Tuesday, December 7, 2010

Al-Mazeedi and WilmerHale (and/or Maples and Calder): presenting the "truth" to US Courts

The English language is tremendously direct, and at the same time very nuanced, so that you can say nothing and appear to be saying a lot at the same time:

BACKGROUND
AL-MAZEEDI
"The Board of Directors has approved, and I am compensated, $440,000 annually..." [1st Al-Mazeedi Affidavit, Paragraph 15(a)]
Wael Al-Mazeedi tells the Court in his affidavit that Al-Mazeedi the "individual" or "shareholder" really doesn't have anything to do with the determination of his compensation:
"... I have not, either in my capacity as an individual or shareholder, taken or caused BTU Holdings to compensate me unreasonably or otherwise." [1st Al-Mazeedi Affidavit, Paragraph 15(c)]
THE COURT
In the MEMORANDUM AND ORDER PURSUANT TO RULE 1:28 in the Hayat litigation the Court establishes that Al-Mazeedi and Oishi are the ONLY directors of BTU Holdings.

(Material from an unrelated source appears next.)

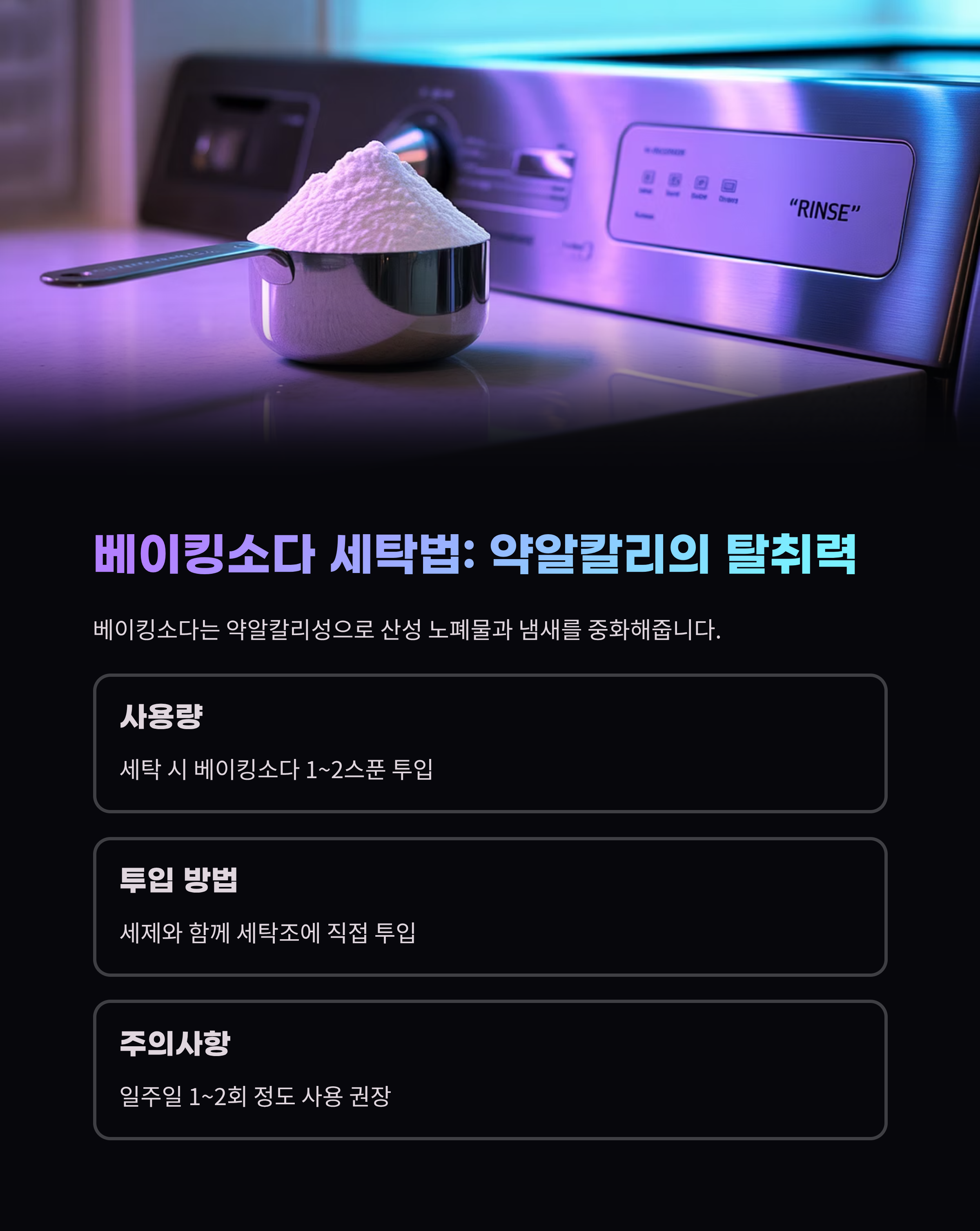| 사용량 | 세탁 시 베이킹소다 1~2스푼 |

  • "Al-Mazeedi and Oishi are the directors of BTU Holdings."
  • "No subsidiary in the BTU Group has an independent board and only Al-Mazeedi and Oishi make policy and substantive decisions."

AL-MAZEEDI
He tells the Court that it's really the Board of Directors of BTU Holdings that takes care of these kinds of things (in this case, he is talking about his compensation).
"Rather, consistent with Cayman Law and BTU Holdings' Articles of Association, BTU Holdings' Board of Directors ("Board of Directors") always approved my compensation in all respects." [1st Al-Mazeedi Affidavit, Paragraph 15]
The antonym to "unreasonably" would be "reasonably." In other words, by parsing words he is trying to represent that he has not directly had a hand in ANY WAY, SHAPE OR FORM, in deciding his compensation.

FACTS
The BTU Holdings Board of Directors includes ONLY Wael Al-Mazeedi and Mitsue Oishi.
Al-Mazeedi the "director" and Oishi the "director" set and approve his compensation ("unreasonably or otherwise").


CONCLUSION
In other words, Al-Mazeedi talks to his wife, Oishi, regarding how much he should be compensated or what kind of bonus he deserves, and Al-Mazeedi and Oishi, as "The Board of Directors" approve.